The 1st Canadian Artillery Brigade is an Artillery Brigade of the Canadian Army.

==History==
===World War I===
The brigade was formed as the 1st Field Artillery Brigade, Canadian Field Artillery in 1914 for service overseas. It was attached to the 1st Canadian Division. After training in England, the brigade arrived in France in February 1915. The brigade first saw action at the Second Battle of Ypres where they witnessed the soldiers and horses of the 45th Algerian Division succumb to gas poisoning. The brigade later participated in the Battle of the Somme were 12 of it's members were killed. The brigade later participated in the Hundred Days Offensive before it was disbanded in 1919.

===Reactivation===
The brigade was reformed as the 1st Canadian Artillery Brigade on 10 September 2026 during a restructuring of the Canadian Armed Forces. It is nicknamed "The Fires Brigade" and is attached to the 1st Canadian Division. The purpose of the brigade is to centralize and coordinate the 1st Canadian Division's artillery prior to the conduction of manoeuvre warfare.

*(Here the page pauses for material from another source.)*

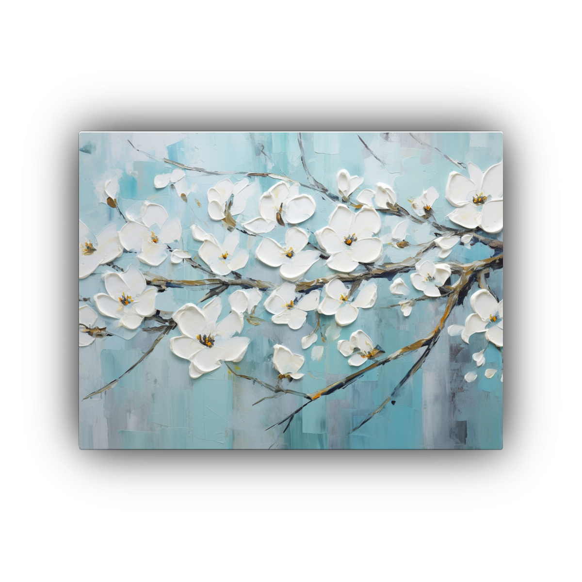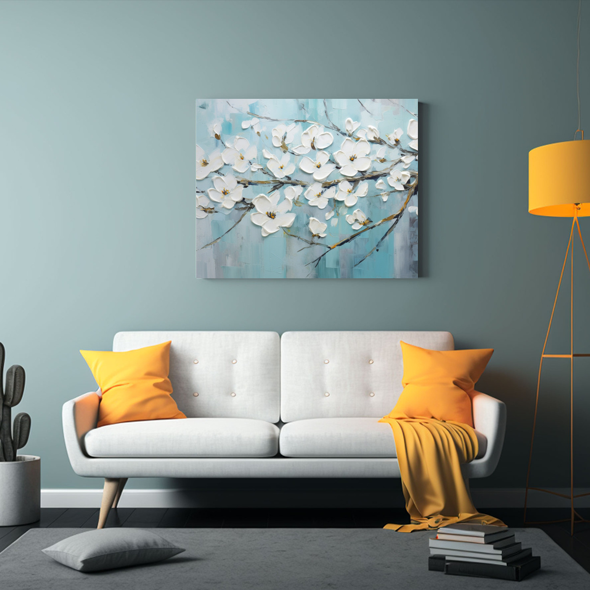 Cuadro De Flores Blanco Y Turquesa En Lienzo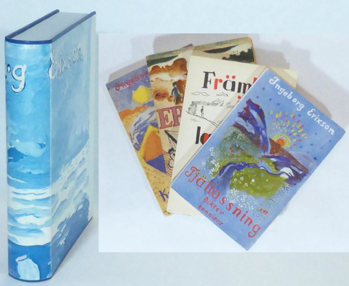 Stockholm; Bonniers, 1945-1951. Originalupplagor. 19,5x13 resp. 20,5x14 cm. 57, (3, 2 blanka) & 86, (3, 1 blank) & 89, (1) & 84, (3, 1 blank) s. Fyra häftade volymer med omslag av författarens make Sven X:et Erixson. Ouppskurna. Tjällossning med lätt tilltryckt ryggfot och lätta hörnveck på omslaget. Kustlandskap med minimal förlust vid ryggfoten och en fuktfläck längst ned på ryggen. De överdimensionerade omslagen på de sista två arbetena med lite veckade yttre och nedre marginaler, samt ett fåtal riss i marginalerna. Fin uppsättning av Erixsons fyra första böcker i originalupplagor, huserade i en dekorerad pappkassett (Arne Nilsson). Svenskt litteraturlexikon sammanfattar Erixsons poesi: ""... har Erixson framträtt med en kvinnligt intuitiv, besjälad poesi. Krafter och förlopp i naturen får avspeglingar i själens landskap; en mystisk upplevelse av enhet och evighet kan fattas som hennes grundtema.""

==Structure during World War I==
The brigade's structure during World War I was as follows:
- 1st Field Artillery Brigade, Canadian Field Artillery
  - 1st Field Battery
  - 2nd Howitzer Battery
  - 3rd Field Battery
  - 4th Field Battery

==Current structure==
As of September 2026 the brigade's structure is as follows:
- 1st Canadian Artillery Brigade
  - 1st Regiment, Royal Canadian Horse Artillery (1 RCHA)
  - 2nd Regiment, Royal Canadian Horse Artillery (2 RCHA)
  - 5^{e} Régiment d'artillerie légère du Canada (5 RALC)

==Planned structure==
The brigade's planned structure is as follows:
- 1st Canadian Artillery Brigade
  - 1st Regiment, Royal Canadian Horse Artillery (1 RCHA)
  - 2nd Regiment, Royal Canadian Horse Artillery (2 RCHA)
  - 5^{e} Régiment d'artillerie légère du Canada (5 RALC)
  - 9th Rocket Regiment, Royal Canadian Artillery (2030) (Note: 1st battalion formed, full regiment expected to reach operational capacity by 2030)
  - Unmanned Aerial Systems (UAS) Regiment (2030)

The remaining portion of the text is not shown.